One of my favourite signings, and not just from my Bournemouth days, was a striker called Carl Richards. I took him from Enfield and he was a real one-off. He was a big lad, and looked more like Carl Lewis. I remember driving to Nuneaton Borough’s old ground, Manor Park, on a bank holiday Monday in 1986 to watch him play in a representative game between the non-league teams of England and Wales. After the game, there was a trophy and speeches and sandwiches, and I went and hid round the back of this little hut because I didn’t want any of the other managers to see me. Carl came out on his own. ‘Psst,’ I said, from behind a fence. ‘Carl, I want to talk to you.’

‘Who are you?’ he asked. ‘What do you want?’

But he came over. Massive shoulders, trim waist, really fit. ‘I’m Harry Redknapp, manager of Bournemouth,’ I said.

‘Bournemouth?’ he replied. ‘Never heard of you. What league are you in?’

I told him we were in the Third Division.

‘Well, I’m not dropping down to the Isthmian,’ he said. ‘Not the third division of the bloody Isthmian,’ I told him. ‘The Football League. We’re in Division Three.’

‘What, professional?’ he asked. Now he was interested. ‘I always wanted to be a professional,’ said Carl.

‘Well, that’s handy,’ I told him, ‘because we’re professional, and we want you.’
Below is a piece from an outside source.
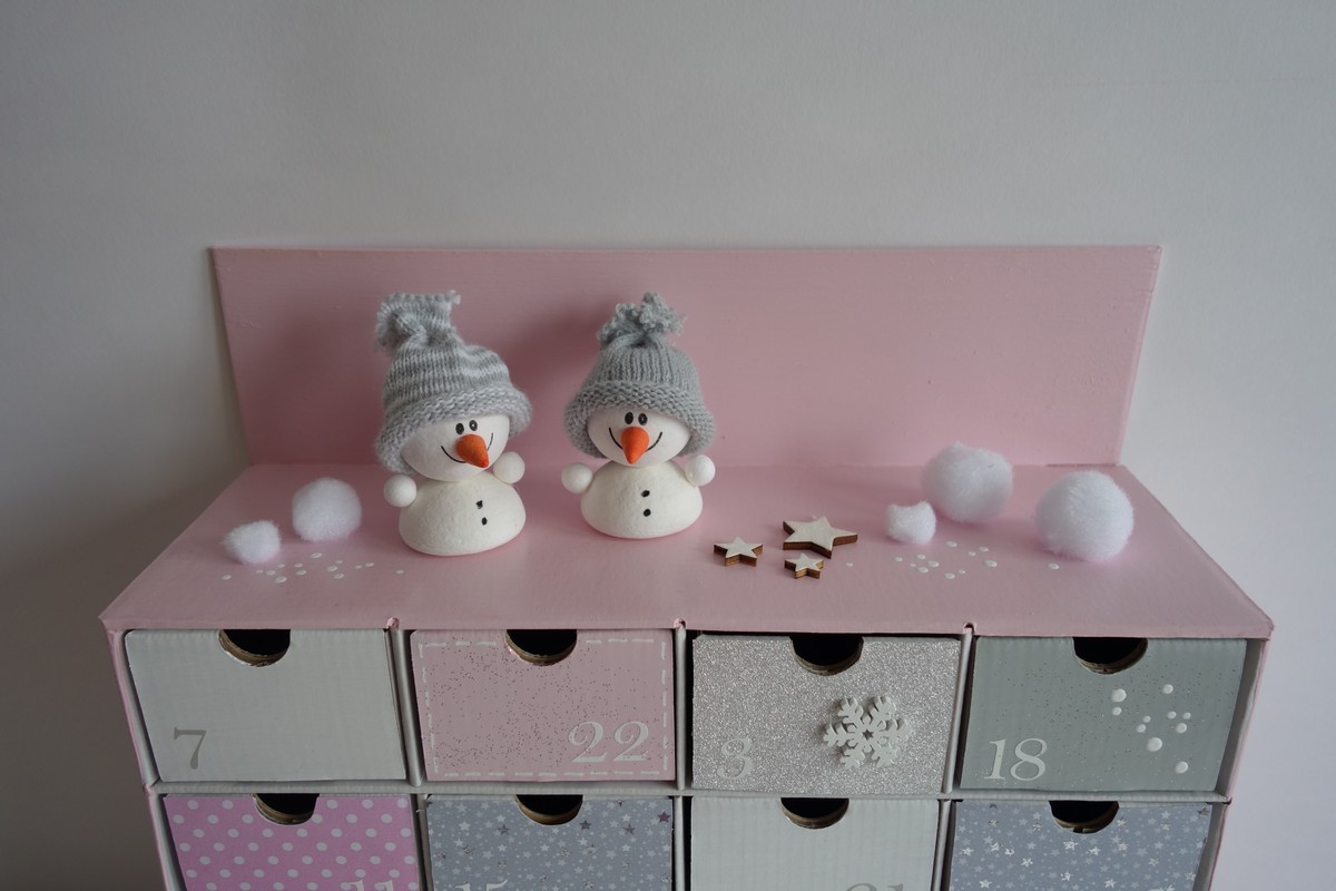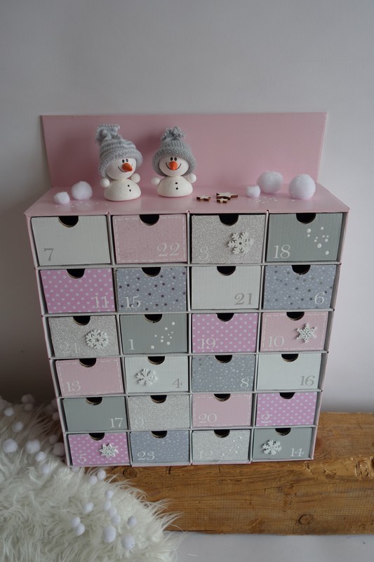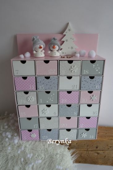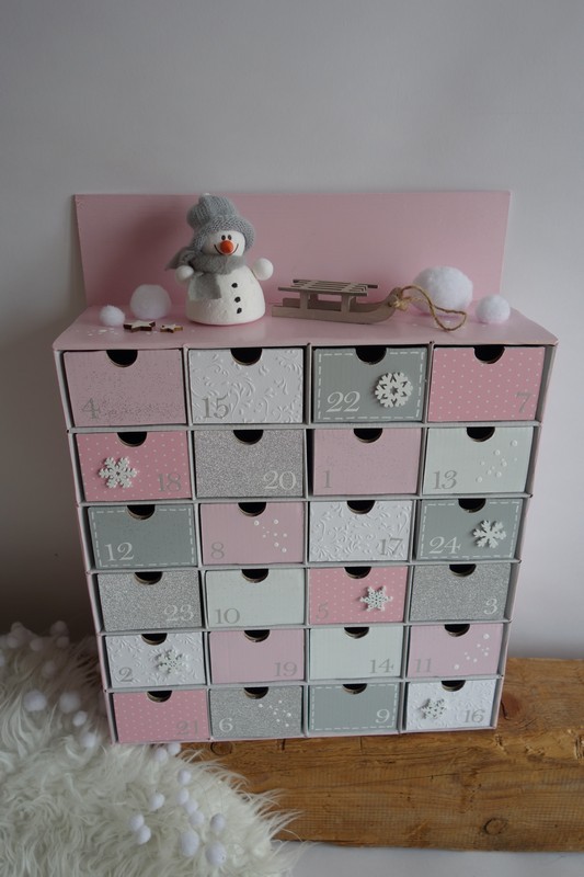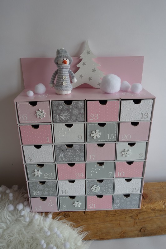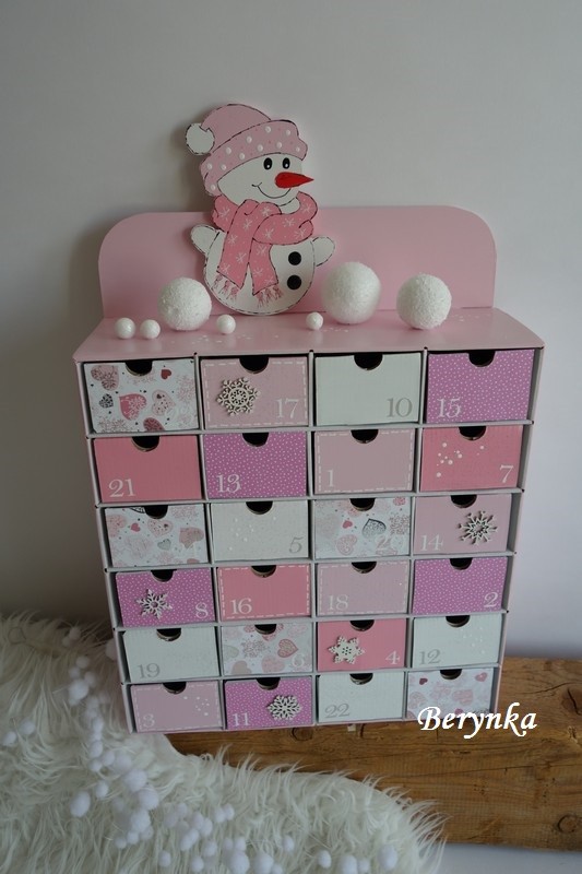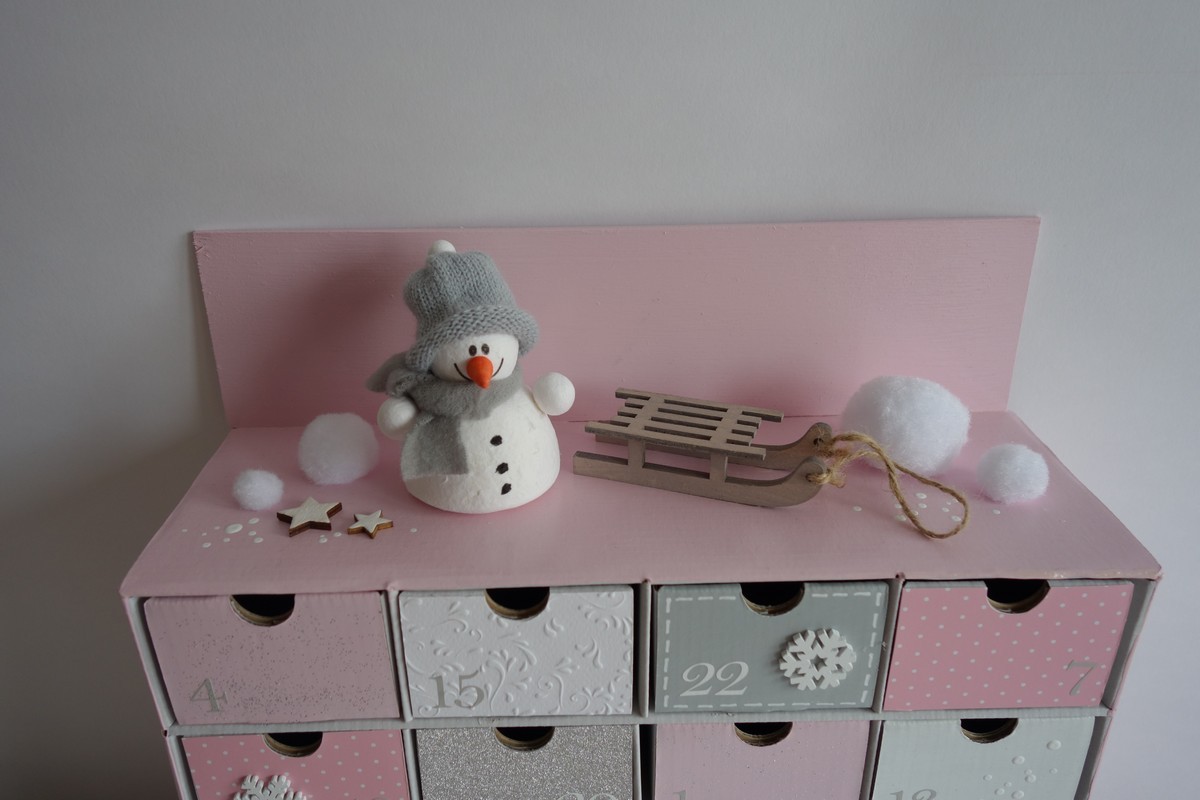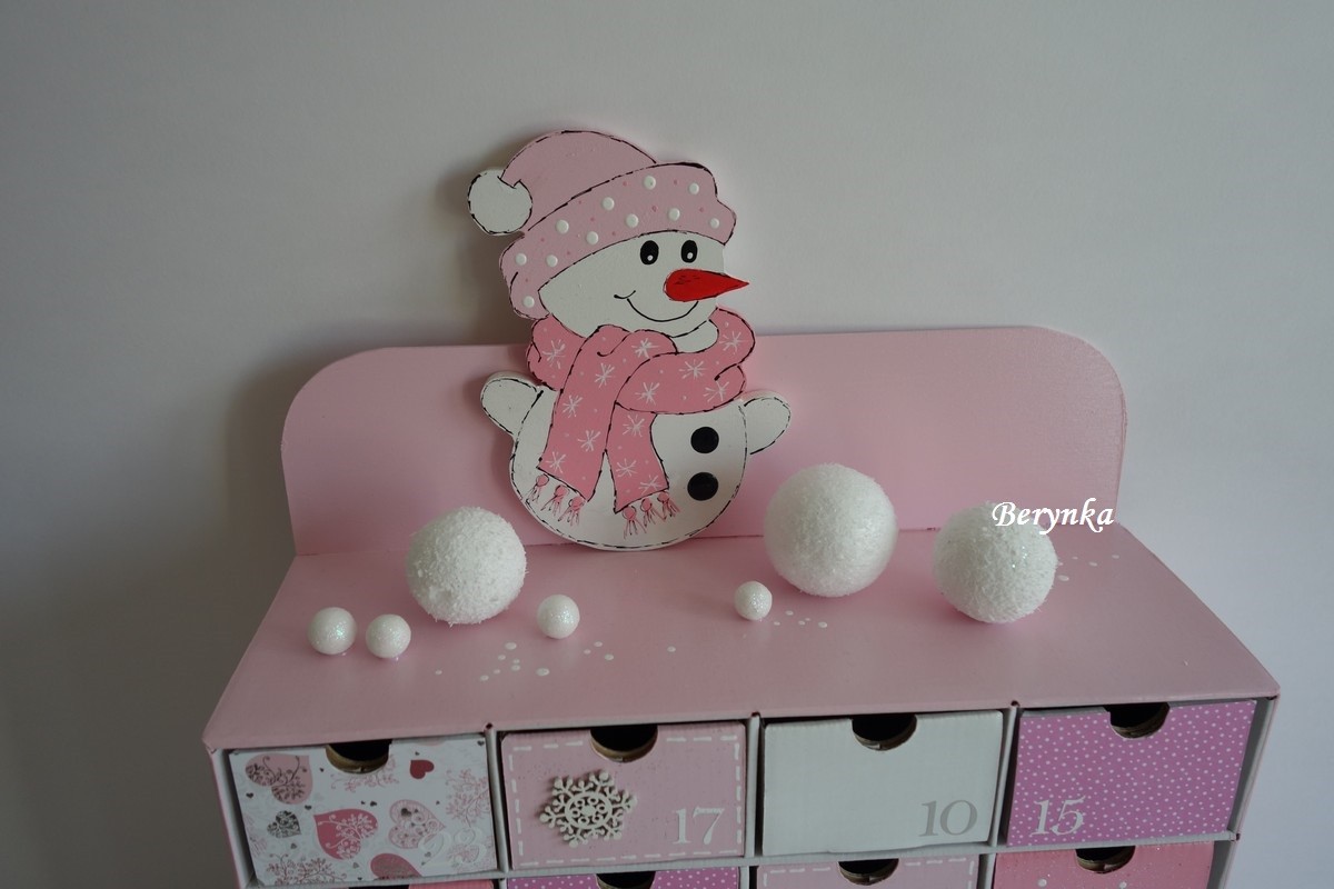 Adventní kalendář *pudrově růžový* se sněhulákem - různá provedení

‘Train every day?’ he asked. He really didn’t have a clue. I bought Carl for £10,000, went to pick him up from Enfield, and while he went in to say goodbye to his manager, he left me with his mate. ‘What are you signing him for?’ said this kid. ‘I’m ten times better than him. I’ve got twenty-six goals this season, he’s only got twelve. I’m different class than him. Why don’t you sign me?’ Now I was worried. Stuart Morgan, my assistant, had recommended Carl. I had never seen him play for Enfield, only that one game up at Nuneaton. He was great that day and I loved him, but I couldn’t help wondering if I had bought the wrong player. ‘I can’t buy you, I’m buying him,’ I told Carl’s mate, ‘but I’ll keep an eye out for you, don’t worry.’
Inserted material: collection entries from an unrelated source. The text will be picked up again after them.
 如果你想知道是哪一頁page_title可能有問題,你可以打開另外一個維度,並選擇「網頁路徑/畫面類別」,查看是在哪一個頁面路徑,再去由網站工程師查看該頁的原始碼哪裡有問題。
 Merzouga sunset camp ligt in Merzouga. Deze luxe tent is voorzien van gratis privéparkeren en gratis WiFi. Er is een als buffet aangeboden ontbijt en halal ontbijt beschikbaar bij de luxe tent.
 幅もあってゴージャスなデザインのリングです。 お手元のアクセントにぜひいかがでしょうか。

So we took Carl and he was absolutely useless. He could run, but that was about it. The pre-season was a nightmare. Yeovil Town, we got beat. Weymouth Town, got beat. Bath City, got beat. We played about six games, couldn’t win one. Carl was terrible. After about four games of this, he came to see me. ‘I’ve got a mate,’ he said. ‘He was asking if he could have a trial. He’s a striker, like me.’
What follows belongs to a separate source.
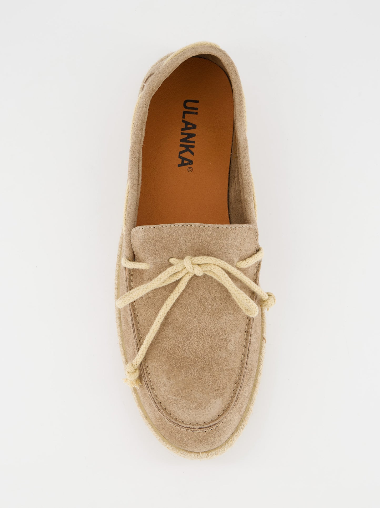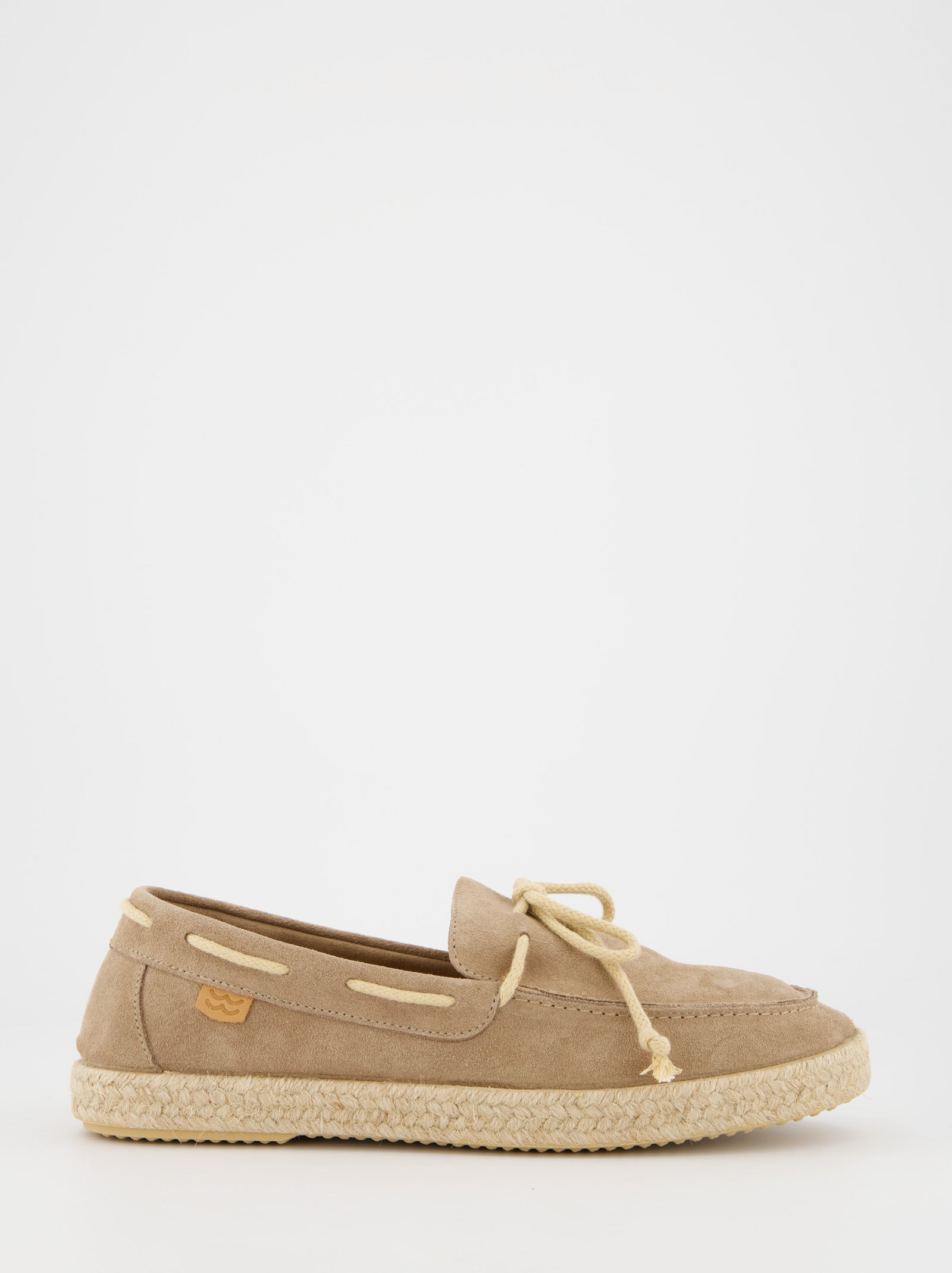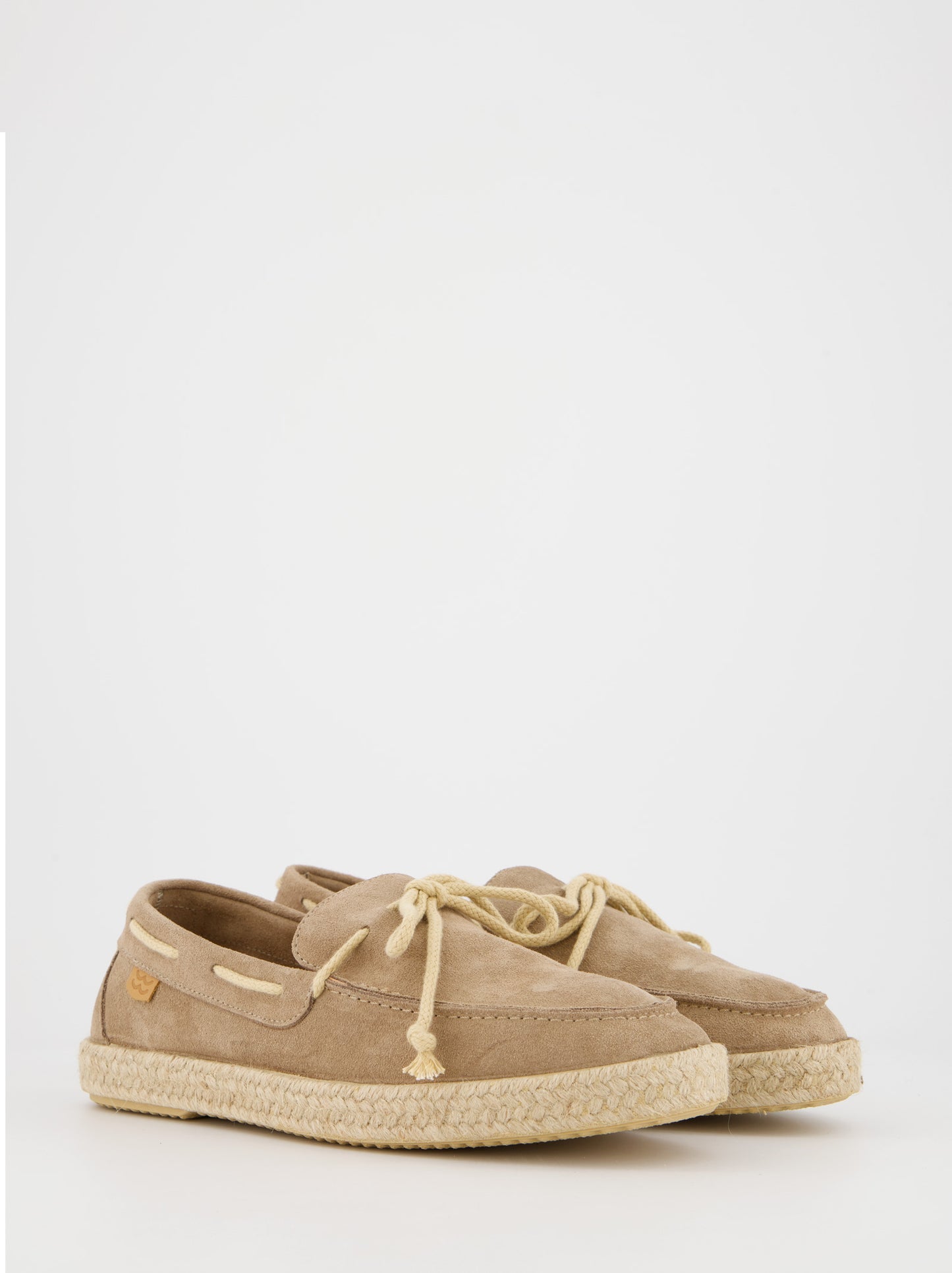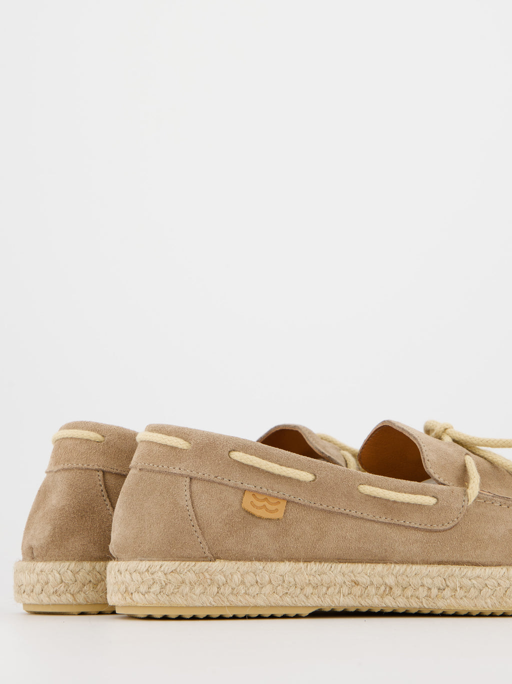 Mocasines náuticos fabricados en ante. Suela de esparto- Cordones de algodón. Fabricados en España.

‘And is he as good as you, Carl?’ I asked, suspiciously.

‘No, he’s not as good as me,’ he said, ‘but he’s decent.’

‘Well, tell him not to fucking bother then,’ I snapped, and that was the end of it. The following Saturday, we went to play Crystal Palace. ‘My mate, the one who wanted a trial, he’s playing for Palace today,’ said Carl. ‘Oh good,’ I thought. ‘No problem there then.’ Anyway, three goals later I realised Carl wasn’t much of a scout, either. His mates’s name? Ian Wright.

Yet Carl ended up doing fantastic for Bournemouth and I loved him to bits. He didn’t have a clue about the real world. On his first payday he knocked on my door, accusing me of having him over. ‘You told me I was getting £220 a week and I’m only getting £150,’ he said.

‘That’s your deductions, Carl,’ I explained. ‘Income tax, national insurance.’